1) Michael Howard was the Minister in Charge of bringing in the Poll Tax in 1988

2) Chief Tory Financier Stuart Wheeler warned that people don't warm to Michael Howard and he should be kept in the background during the election. Michael Howard does not even appear on the cover of the Conservative Manifesto.

3)As Employment Secretary, Howard tried to stop EU attempts to give working women statutory maternity rights.

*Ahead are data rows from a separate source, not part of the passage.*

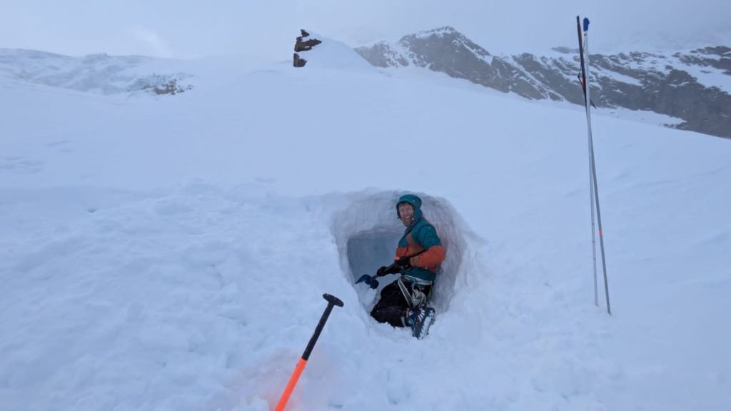 It took hours. We were at 3,300m, both feeling fit, but even so, it was relentless. After three solid hours of digging, we’d carved out a proper snow hole — with a beautifully sculpted ceiling. Shame we didn’t put as much effort into the floor…
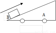 如图所示,带有斜面的小车A静止于光滑水平面上,现B以某一初速度冲上斜面,在冲到斜面最高点的过程中 ( )
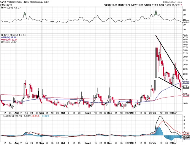 Index volatility má za sebou celkem šest dnů poklesu a je na úrovni, která by před dvěma lety byla považována za jasný býčí signál pro americké akcie. Za týden odepsal přes čtvrtinu hodnoty a v pátek uzavřel pod minimem z konce února i 50denním průměrem. Po případném potvrzení pozitivního vývoje zkraje týdne by mohl zamířit ještě níže, obchodování okolo úrovně 15 bodů by ale po turbulencích v posledních šesti týdnech také nebylo vyloženě negativní.
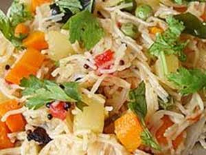 சேமியா - 1 கப் பெரிய வெங்காயம் - 1 (நறுக்கியது) தக்காளி - 1 (நறுக்கியது) பச்சை மிளகாய் - 3 (நறுக்கியது) இஞ்சி பூண்டு விழுது - 2 டீஸ்பூன் உருளைக்கிழங்கு - 1 (நறுக்கியது) கேரட் - 1 (நறுக்கியது) பீன்ஸ் - 4 (நறுக்கியது) கரம் மசாலா தூள் - 1/2 டீஸ்பூன் மஞ்சள் தூள் - 1/2 டீஸ்பூன் பட்டை - 1 கிராம்பு - 5 பிரியாணி இலை - 2 கறிவேப்பிலை - 1 கொத்து கொத்தமல்லி - சிறிது (நறுக்கியது) உப்பு - தேவையான அளவு எண்ணெய் - தேவையான அளவு ADVERTISEMENT
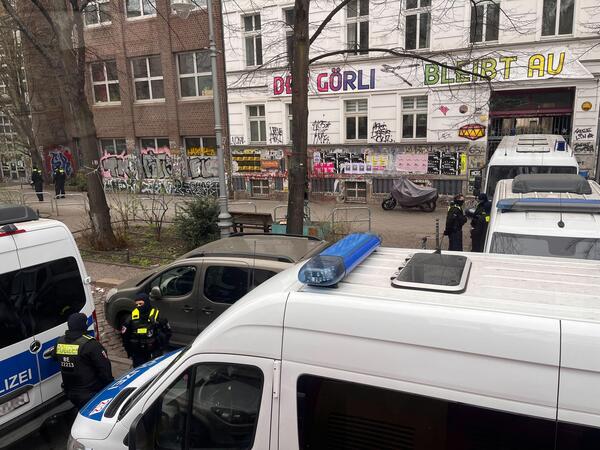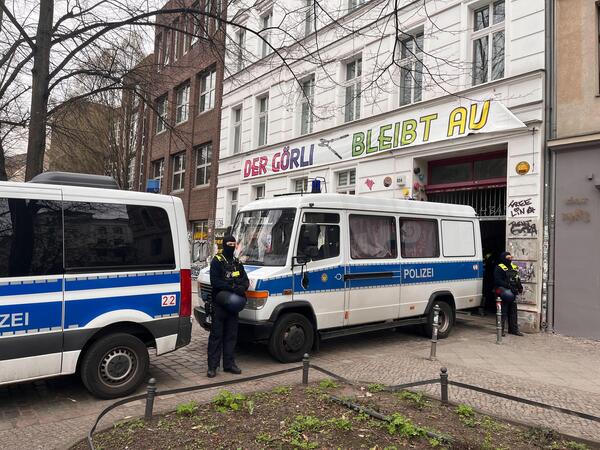 „Sie haben sehr viel Zeit gebraucht, um ins Haus zu kommen. Schließlich haben sie mit einem Rammbock die Scheibe des Infoladens eingeschlagen“, sagt der Späti-Besitzer, der anonym bleiben möchte. Sein Geschäft sei nicht durchsucht worden. „Hier sind sie nicht mal reingekommen.“ Mit den Bewohnern habe er ein gutes Verhältnis. „Aber ich weiß, so etwas kann hier passieren. Das Haus ist ja bekannt.“
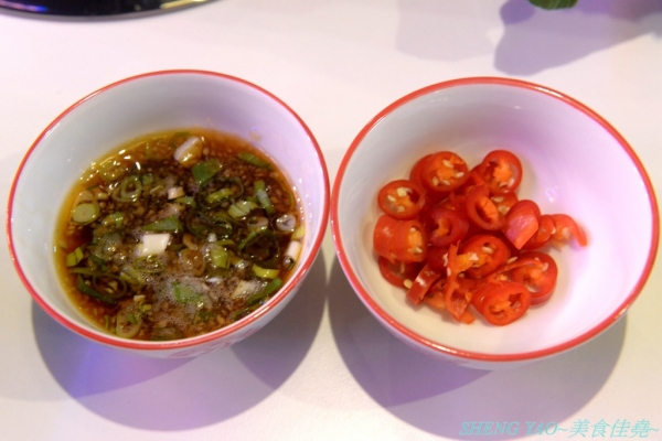 左邊是加了蒜、醋、蘿蔔泥的沾醬,右邊是辣椒,

4) Howard was judged to have flouted the European Convention on Human Rights following unlawfully delaying the release of five long-serving IRA prisoners - the SEVENTH time he had been found to be acting illegally in just two years as Home Secretary

5) Howard said "I will never stand again for the leadership of the Conservative Party" in November 2002

6)According to an ICM poll in October 2003, 26% of people are LESS likely to vote Tory with Michael Howard as the leader

7) "He has obviously had, let's be frank, an image problem." (Fellow Conservative Michael Portillo)

8) "Clearly I do intend to hurt him politically and to wreck his chances of the Conservative party leadership." (Fellow Conservative Ann Widdecombe)

9) Following the Poll Tax riots Michael Howard is on record as saying it was "the correct policy".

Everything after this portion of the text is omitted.